Yakusho plays Kenichi Takabe, a police detective investigating a series of bizarre murders. Though each victim is killed the same way, with an X mark carved into their chests, the perpetrator seems to be different every time. In every case the murderer is caught close to the scene of the crime, and though they readily confess to committing the murder, they often have no motive and cannot adequately explain what drove them to kill.

Eventually Takabe catches up with a man named Mamiya. Mamiya appears to have extreme short-term memory loss; he is constantly confused about what day it is, where he is, and what his name is. It is revealed that Mamiya is the common thread between the murders, as each person he comes in contact with seems to commit a murder shortly thereafter. Takabe catches Mamiya and finds that he used to be a student who studied hypnosis and mesmerism, but he cannot understand how Mamiya is able to convince strangers to become murderers. Though he has trouble believing it himself, Takabe comes to realize that not only does Mamiya have no memory problems, he is also a master hypnotist, able to control people's actions by simply exposing them to repetitive sounds or the flame from a lighter.
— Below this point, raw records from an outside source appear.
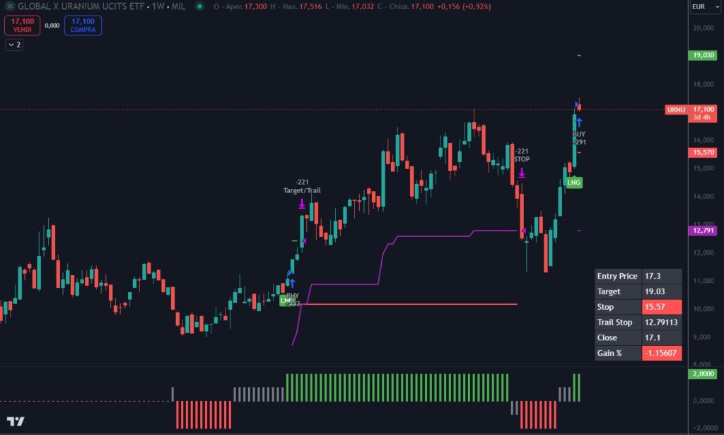 Recentemente, il Trendycator ha segnalato una posizione long su questo ETF, dopo aver chiuso con successo una precedente operazione. Al momento, il prezzo di questo ETF si trova vicino ai massimi annuali, segnalando un forte momentum rialzista in linea con l’aumento del prezzo dell’uranio e la rinnovata fiducia nell’energia nucleare.
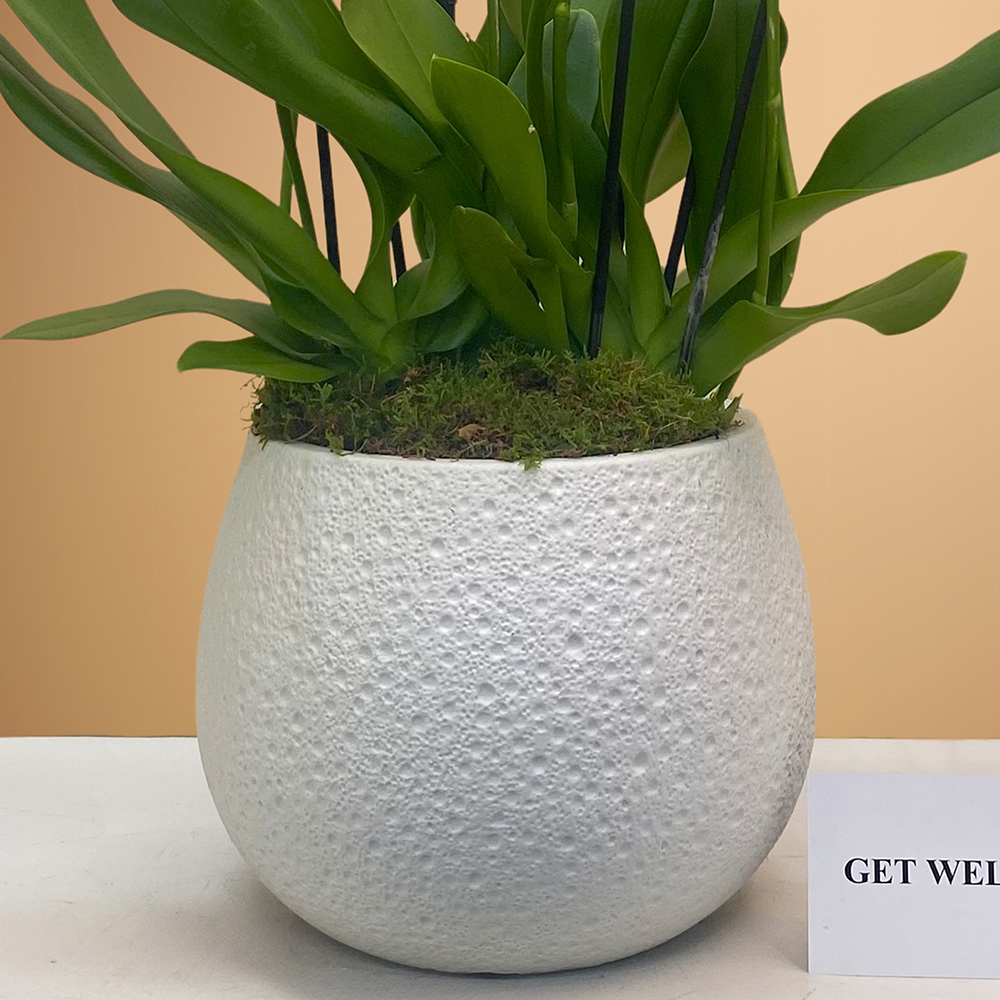 A bouquet containing white orchid plants, arranged beautifully in a ball-shaped pot.
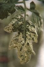 Resim 56. Domates mozaik virüsünün yaprak ve meyvede oluşturduğu mozaik belirtileri.
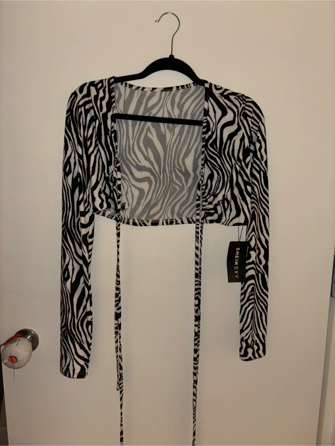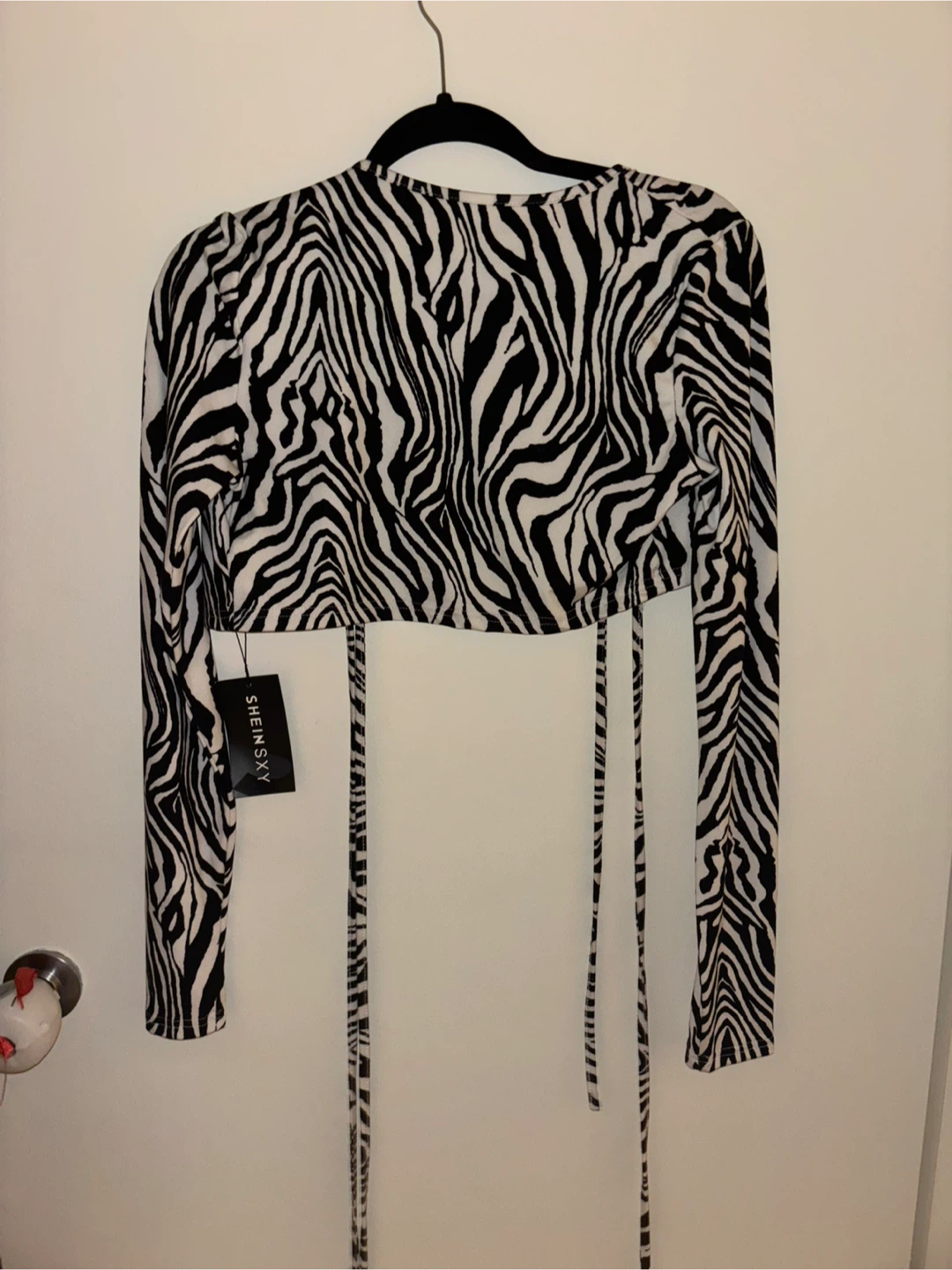 Buy & SellSHEIN Zebra Print Tie Front Crop TopSHEIN Zebra Print Tie Front Crop Top$4SHEIN zebra print crop top with long sleeves. Features a tie front closure and a bold black and white pattern. Size M.ConditionNewSizeMBrandSHEINWHERE TO MEETIn front of urgent careView MapSELLERverifiedAlyHell's Kitchen26416 reviews0 chats·0 favorites·17 viewsSEND CHAT TO SELLERHi Aly! I’m interested in your listing.Hi Aly! I’m interested in your listing.Get the Karrot app to chatSign In to chat

Mamiya also finds Takabe fascinating, possibly because Takabe appears to be immune to Mamiya's suggestive powers. The more Takabe researches Mamiya, the more he feels that he himself might be on the verge of losing his mind. When Mamiya escapes, Takabe tracks him to a house in the wilderness and shoots him.

At the very end of the film, it appears that Takabe himself has become the master hypnotist, and is carrying on Mamiya's bizarre work.